# Work task
Look below for the line that has "Innovativa base pieghevole: progettata"; output exactly from it through the line that has "Snygg röd kuvertväska", and leave the pictures out.

# Exercise data
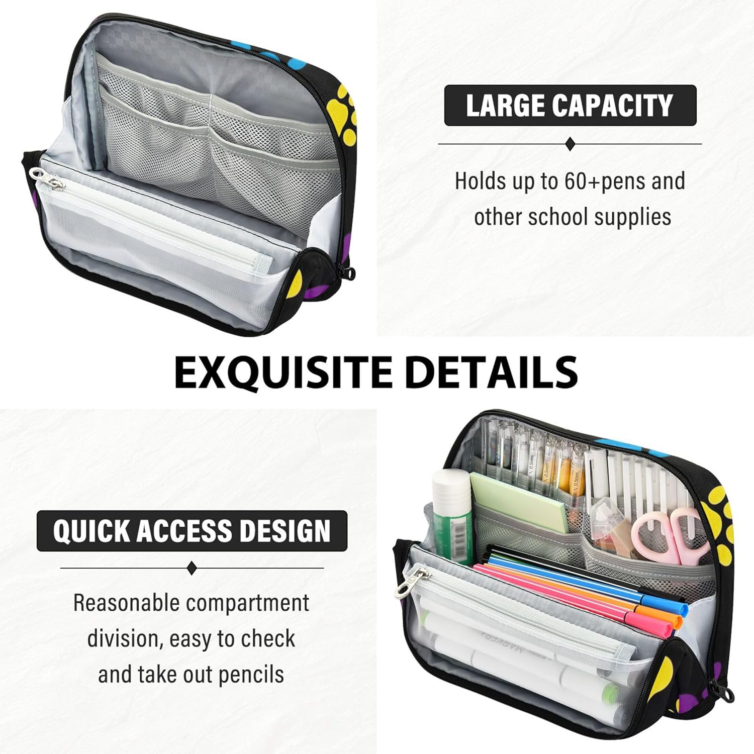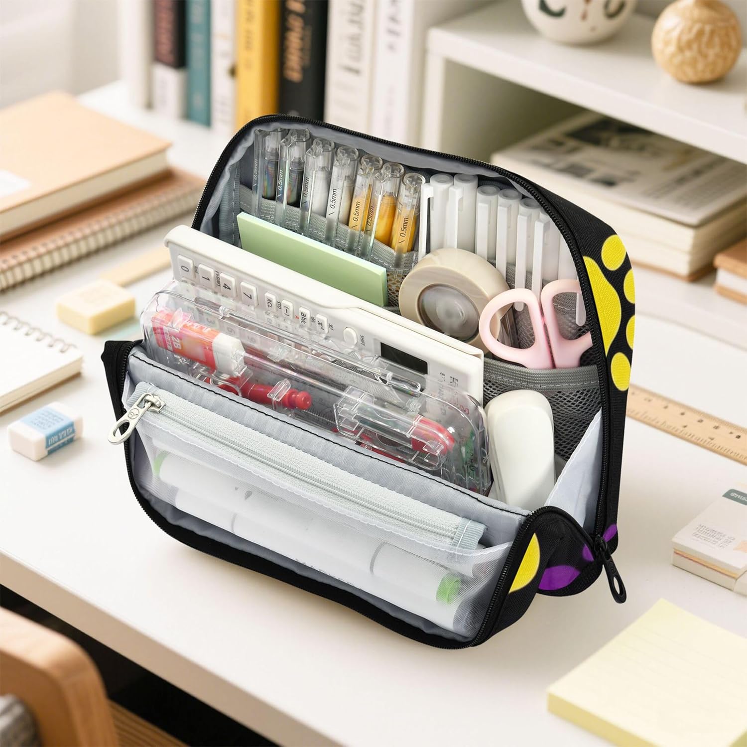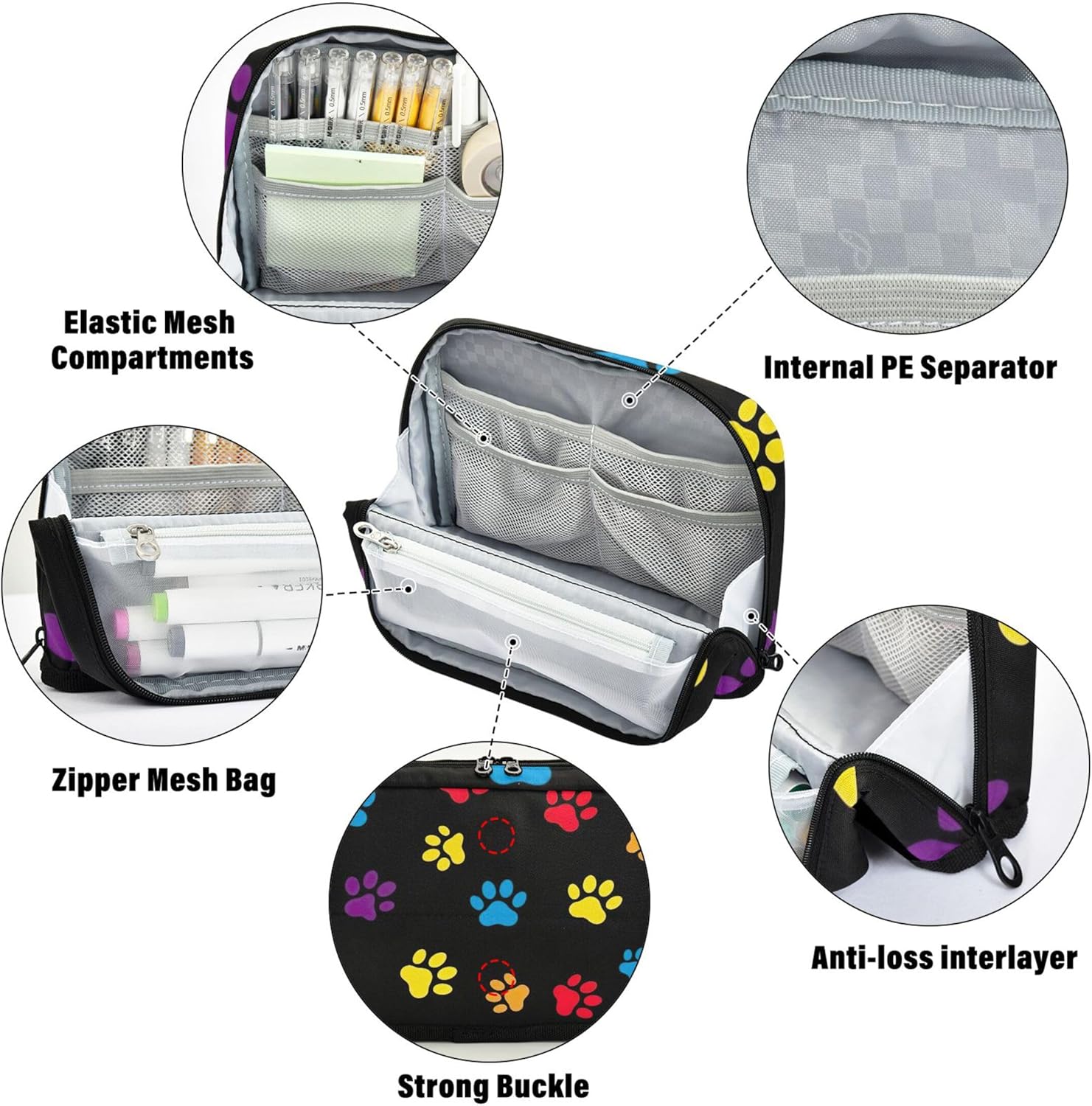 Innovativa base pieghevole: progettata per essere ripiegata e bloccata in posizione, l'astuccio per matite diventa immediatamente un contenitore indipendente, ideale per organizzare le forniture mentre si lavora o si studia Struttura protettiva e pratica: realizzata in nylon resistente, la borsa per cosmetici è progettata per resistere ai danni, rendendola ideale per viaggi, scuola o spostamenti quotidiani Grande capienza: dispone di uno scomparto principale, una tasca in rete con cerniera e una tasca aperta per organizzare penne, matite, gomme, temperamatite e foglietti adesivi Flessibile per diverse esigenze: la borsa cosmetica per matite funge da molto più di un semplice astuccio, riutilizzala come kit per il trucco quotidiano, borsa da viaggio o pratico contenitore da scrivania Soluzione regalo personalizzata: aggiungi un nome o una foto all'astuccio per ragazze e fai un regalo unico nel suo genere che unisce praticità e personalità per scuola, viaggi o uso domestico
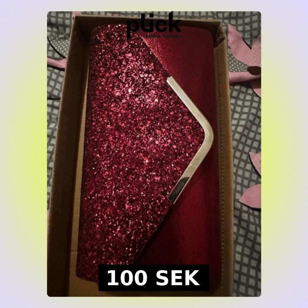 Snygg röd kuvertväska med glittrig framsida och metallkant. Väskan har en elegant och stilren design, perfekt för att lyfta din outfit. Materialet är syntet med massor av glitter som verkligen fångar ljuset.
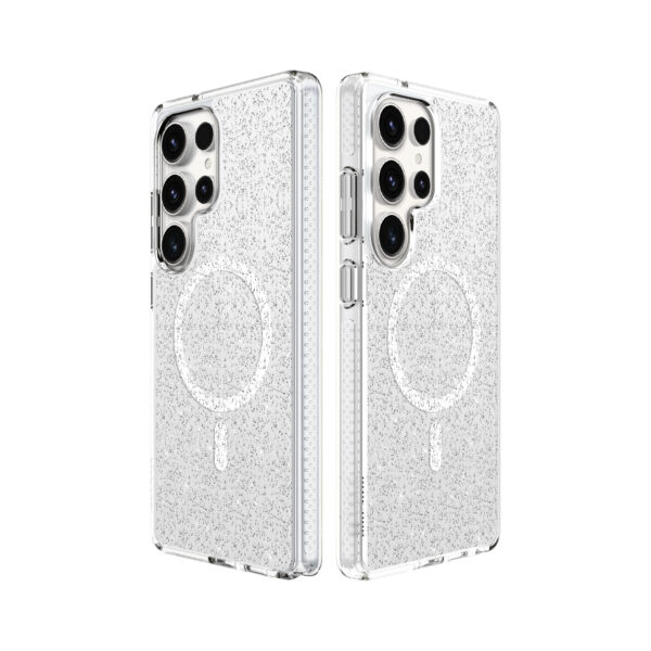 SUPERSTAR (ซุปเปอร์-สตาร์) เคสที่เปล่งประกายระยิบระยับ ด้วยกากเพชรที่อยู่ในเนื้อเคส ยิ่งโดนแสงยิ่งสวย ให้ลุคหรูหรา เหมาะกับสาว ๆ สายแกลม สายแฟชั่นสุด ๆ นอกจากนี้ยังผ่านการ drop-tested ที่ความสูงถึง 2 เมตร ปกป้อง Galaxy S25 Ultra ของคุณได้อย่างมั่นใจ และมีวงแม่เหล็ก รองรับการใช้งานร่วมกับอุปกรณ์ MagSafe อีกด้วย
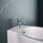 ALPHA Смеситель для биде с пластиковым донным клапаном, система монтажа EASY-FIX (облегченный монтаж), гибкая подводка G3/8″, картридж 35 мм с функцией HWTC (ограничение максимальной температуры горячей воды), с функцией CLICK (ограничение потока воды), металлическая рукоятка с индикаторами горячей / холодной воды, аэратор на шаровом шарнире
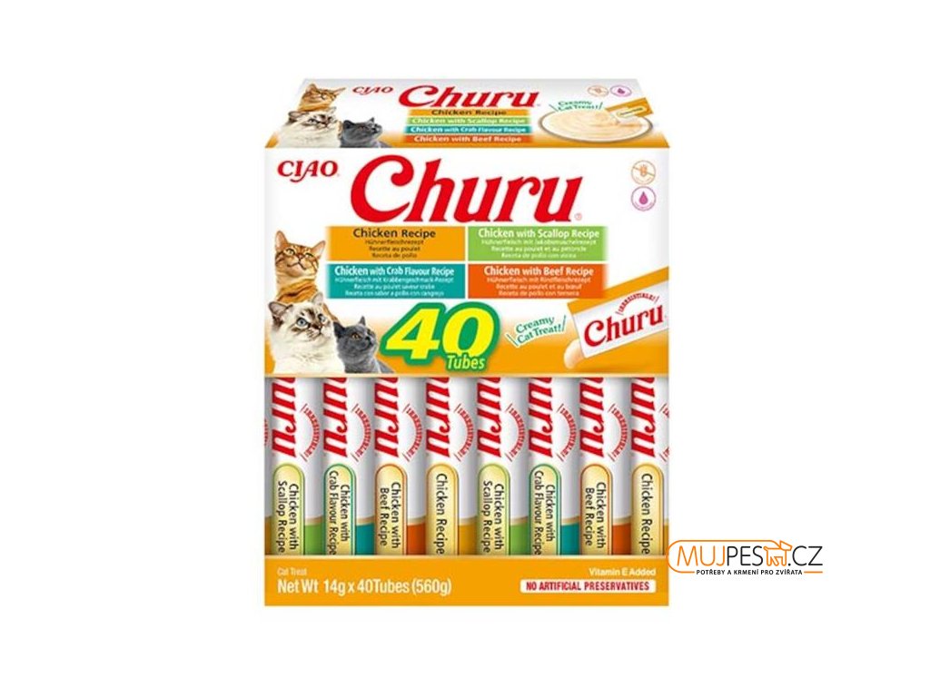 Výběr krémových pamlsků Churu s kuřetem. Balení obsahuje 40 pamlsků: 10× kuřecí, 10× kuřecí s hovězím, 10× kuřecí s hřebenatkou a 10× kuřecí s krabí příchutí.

---

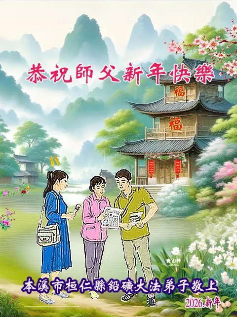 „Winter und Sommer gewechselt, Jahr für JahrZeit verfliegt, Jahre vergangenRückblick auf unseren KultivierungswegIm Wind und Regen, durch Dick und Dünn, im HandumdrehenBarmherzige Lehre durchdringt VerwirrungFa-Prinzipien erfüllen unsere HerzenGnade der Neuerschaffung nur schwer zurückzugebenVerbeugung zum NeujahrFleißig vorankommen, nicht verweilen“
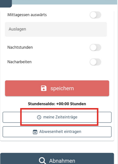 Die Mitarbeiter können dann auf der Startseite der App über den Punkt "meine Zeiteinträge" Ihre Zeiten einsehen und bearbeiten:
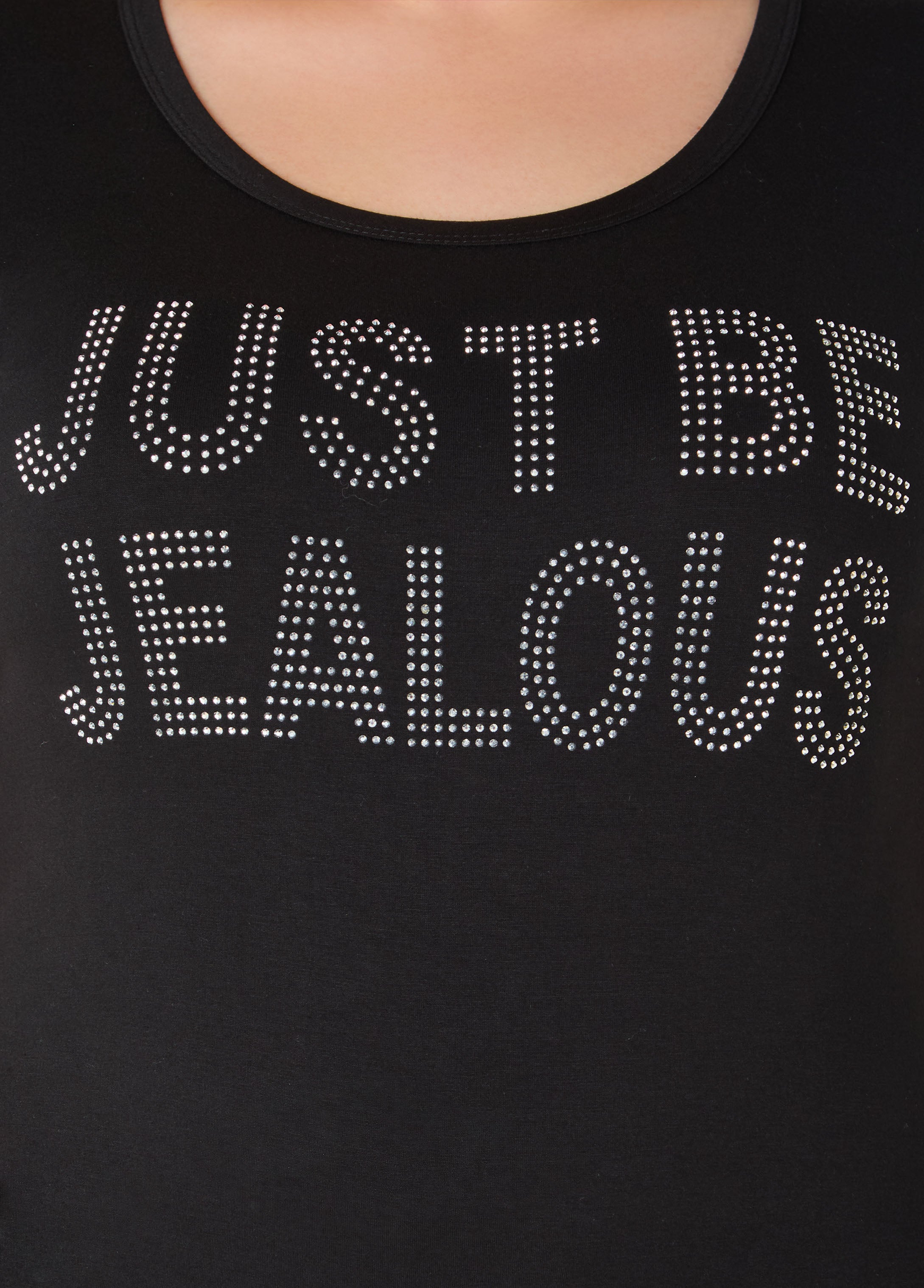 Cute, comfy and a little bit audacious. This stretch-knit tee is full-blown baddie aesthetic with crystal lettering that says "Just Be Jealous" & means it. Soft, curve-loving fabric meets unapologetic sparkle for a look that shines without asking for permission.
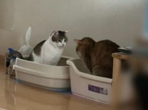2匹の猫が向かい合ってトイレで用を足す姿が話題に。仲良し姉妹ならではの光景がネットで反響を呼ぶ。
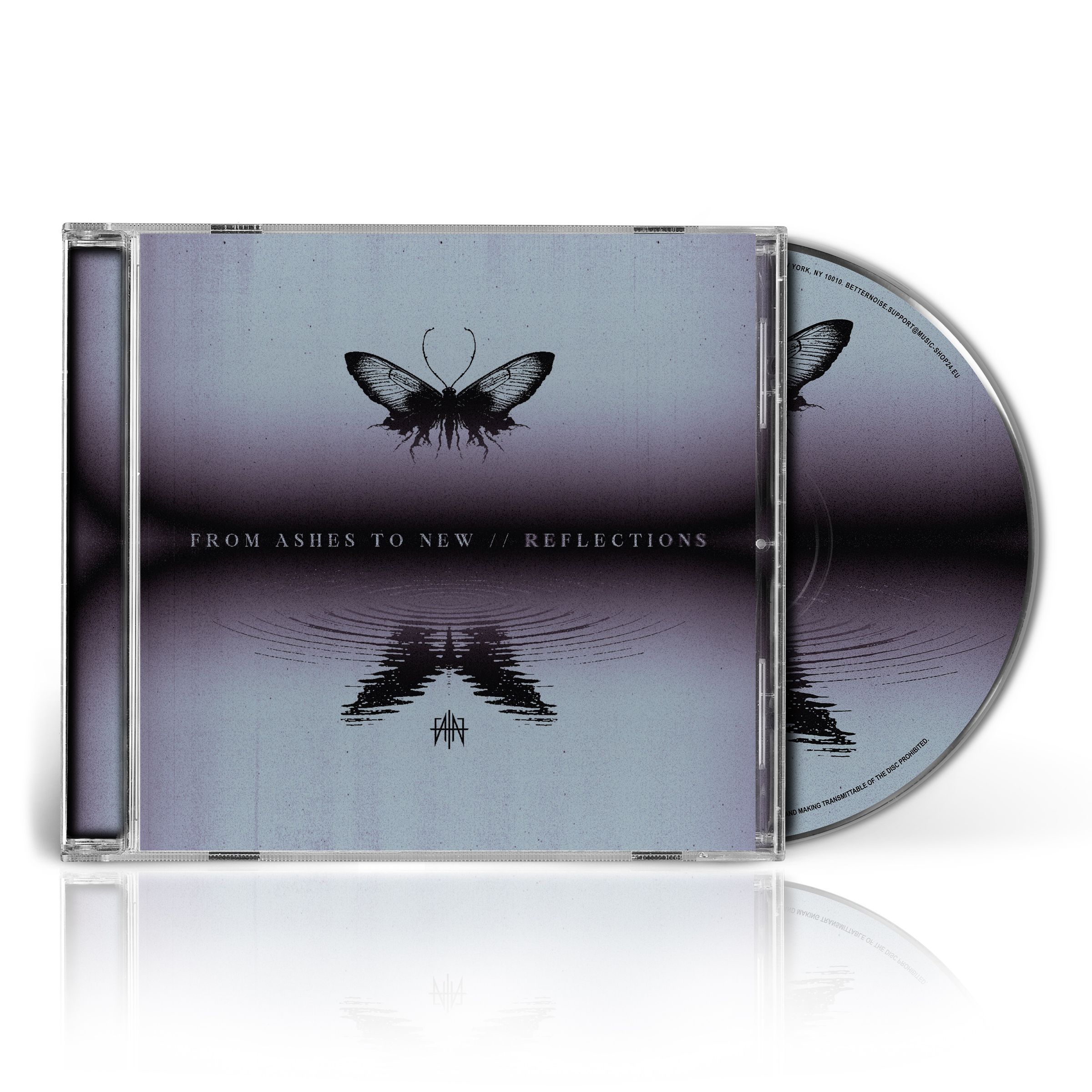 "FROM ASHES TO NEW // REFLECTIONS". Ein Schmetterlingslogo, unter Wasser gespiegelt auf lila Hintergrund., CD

# Solution
 Innovativa base pieghevole: progettata per essere ripiegata e bloccata in posizione, l'astuccio per matite diventa immediatamente un contenitore indipendente, ideale per organizzare le forniture mentre si lavora o si studia Struttura protettiva e pratica: realizzata in nylon resistente, la borsa per cosmetici è progettata per resistere ai danni, rendendola ideale per viaggi, scuola o spostamenti quotidiani Grande capienza: dispone di uno scomparto principale, una tasca in rete con cerniera e una tasca aperta per organizzare penne, matite, gomme, temperamatite e foglietti adesivi Flessibile per diverse esigenze: la borsa cosmetica per matite funge da molto più di un semplice astuccio, riutilizzala come kit per il trucco quotidiano, borsa da viaggio o pratico contenitore da scrivania Soluzione regalo personalizzata: aggiungi un nome o una foto all'astuccio per ragazze e fai un regalo unico nel suo genere che unisce praticità e personalità per scuola, viaggi o uso domestico
 Snygg röd kuvertväska med glittrig framsida och metallkant. Väskan har en elegant och stilren design, perfekt för att lyfta din outfit. Materialet är syntet med massor av glitter som verkligen fångar ljuset.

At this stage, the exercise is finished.